Task 2: JSON Schema Classification & Information Extraction

In [8]:

import os
import time
import json
import re
import random
from getpass import getpass
from typing import Optional, Callable, Any, Dict

# jsonschema for validation
from jsonschema import validate, ValidationError

from openai import OpenAI

# Get API key without echoing
API_KEY = getpass("Enter your Groq/OpenAI-compatible API key: ")
os.environ["OPENAI_API_KEY"] = API_KEY

# Set Groq API base (use the endpoint you confirmed works).
# Common values: https://api.groq.com/openai/v1  or https://api.groq.com/v1
os.environ["OPENAI_API_BASE"] = "https://api.groq.com/openai/v1"


client = OpenAI()

MODEL = "gpt-4o-mini"

try:
    models = client.models.list()
    print("Authenticated — top models (first 8):", [m.id for m in models.data[:8]])
except Exception as e:
    print("Authentication check FAILED:", str(e))
    # If this fails, stop here and verify API_BASE and key.

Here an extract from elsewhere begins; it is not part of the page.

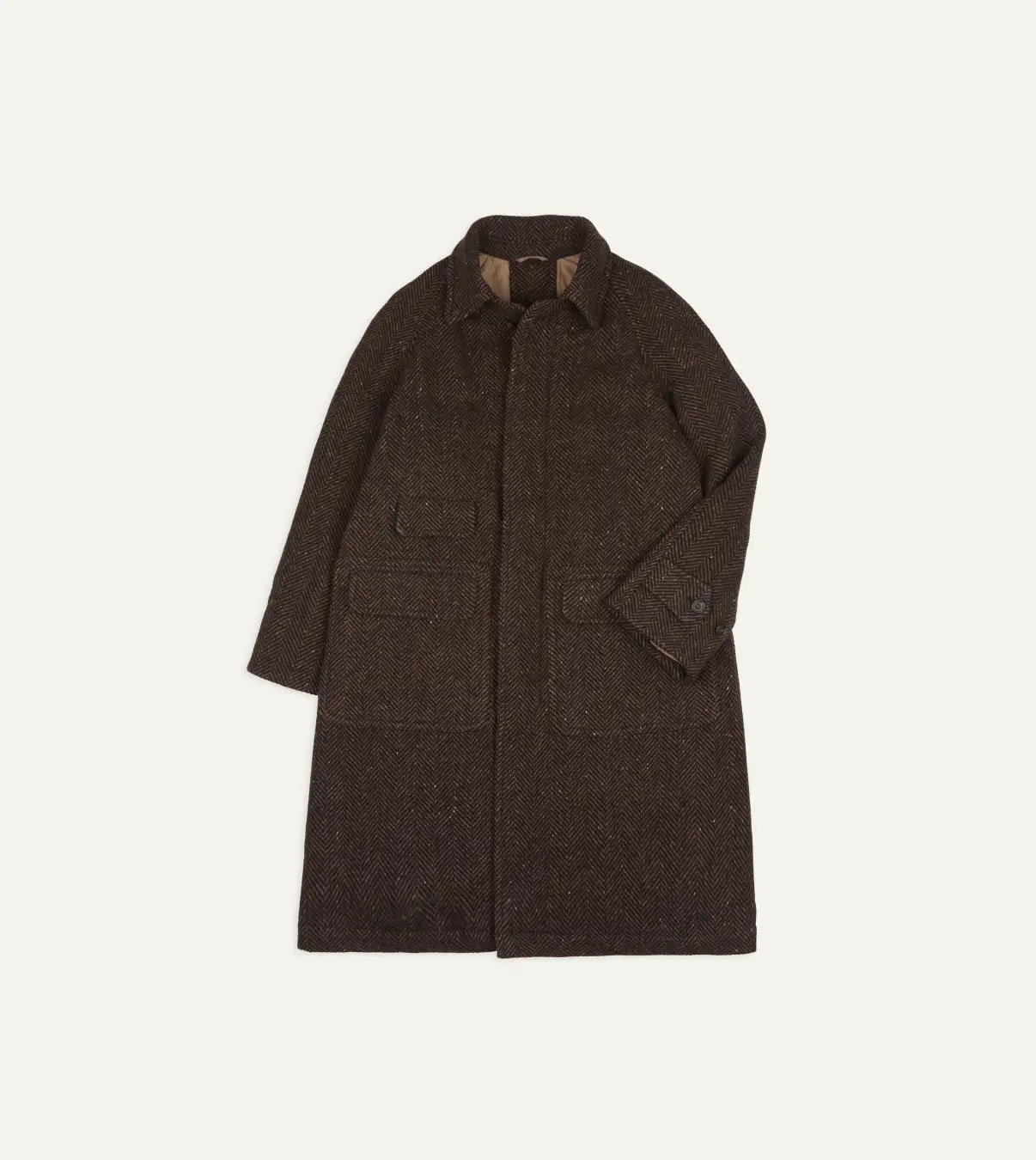 バージンウールのヘリンボーン生地を使用したラグラン仕様。

Enter your Groq/OpenAI-compatible API key: ··········
Authenticated — top models (first 8): ['gpt-3.5-turbo', 'gpt-audio', 'gpt-5-mini', 'gpt-5-nano-2025-08-07', 'gpt-5-nano', 'gpt-audio-2025-08-28', 'davinci-002', 'babbage-002']


In [9]:
#  Schema + function description

schema = {
    "type": "object",
    "properties": {
        "name": {"type": "string", "description": "Full name of the person"},
        "email": {"type": "string", "format": "email", "description": "Email address"},
        "phone": {"type": "string", "description": "Phone number in any reasonable format"},
        "location": {"type": "string", "description": "City/country or full address"},
        "age": {"type": "integer", "minimum": 0, "maximum": 120, "description": "Person's age in years"}
    },
    "required": ["name"],
    "additionalProperties": False
}

functions = [
    {
        "name": "extract_user_info",
        "description": "Extract name, email, phone, location and age from the user's message in JSON format.",
        "parameters": schema
    }
]



In [10]:
# Retry decorator and helper to handle error due to rate limit in api

def is_rate_limit_error(exc: Exception) -> bool:
    """Return True if exception likely indicates a rate limit (429) or retryable throttling."""

    msg = str(exc).lower()
    if "rate limit" in msg or "too many requests" in msg or "429" in msg:
        return True

    sc = getattr(exc, "status_code", None) or getattr(exc, "http_status", None)
    if sc == 429:
        return True
    return False

def retry_on_rate_limit(max_attempts: int = 6, backoff_base: float = 1.0, max_backoff: float = 30.0):
    """Decorator to retry a function on rate-limit errors with exponential backoff + jitter."""
    def decorator(fn: Callable):
        def wrapper(*args, **kwargs):
            attempt = 0
            while True:
                try:
                    return fn(*args, **kwargs)
                except Exception as e:
                    attempt += 1
                    if attempt >= max_attempts or not is_rate_limit_error(e):

                        raise

                    backoff = min(max_backoff, backoff_base * (2 ** (attempt - 1)))
                    jitter = random.uniform(0, backoff * 0.1)
                    sleep_for = backoff + jitter
                    print(f"[retry_on_rate_limit] Rate limit detected. Attempt {attempt}/{max_attempts}. Sleeping {sleep_for:.1f}s and retrying...")
                    time.sleep(sleep_for)
        return wrapper
    return decorator

# small helper to normalize phone numbers (very simple; adjust for your needs)
def normalize_phone(phone_str: str) -> Optional[str]:
    if not phone_str:
        return None
    s = re.sub(r"[^\d\+]", "", phone_str)  # in order to keep digits and plus

    if len(re.sub(r"\D", "", s)) >= 7:
        return s
    return None



In [11]:
# Main extraction function
@retry_on_rate_limit(max_attempts=6, backoff_base=1.0, max_backoff=20.0)
def extract_info_from_text(text: str, model: Optional[str] = None) -> Dict[str, Any]:
    """
    Sends `text` to the model using function-calling and validates result against the JSON schema.
    Returns a dict with raw response, parsed dict, validation flags and normalized fields.
    """
    if model is None:
        model = MODEL

    messages = [{"role": "user", "content": text}]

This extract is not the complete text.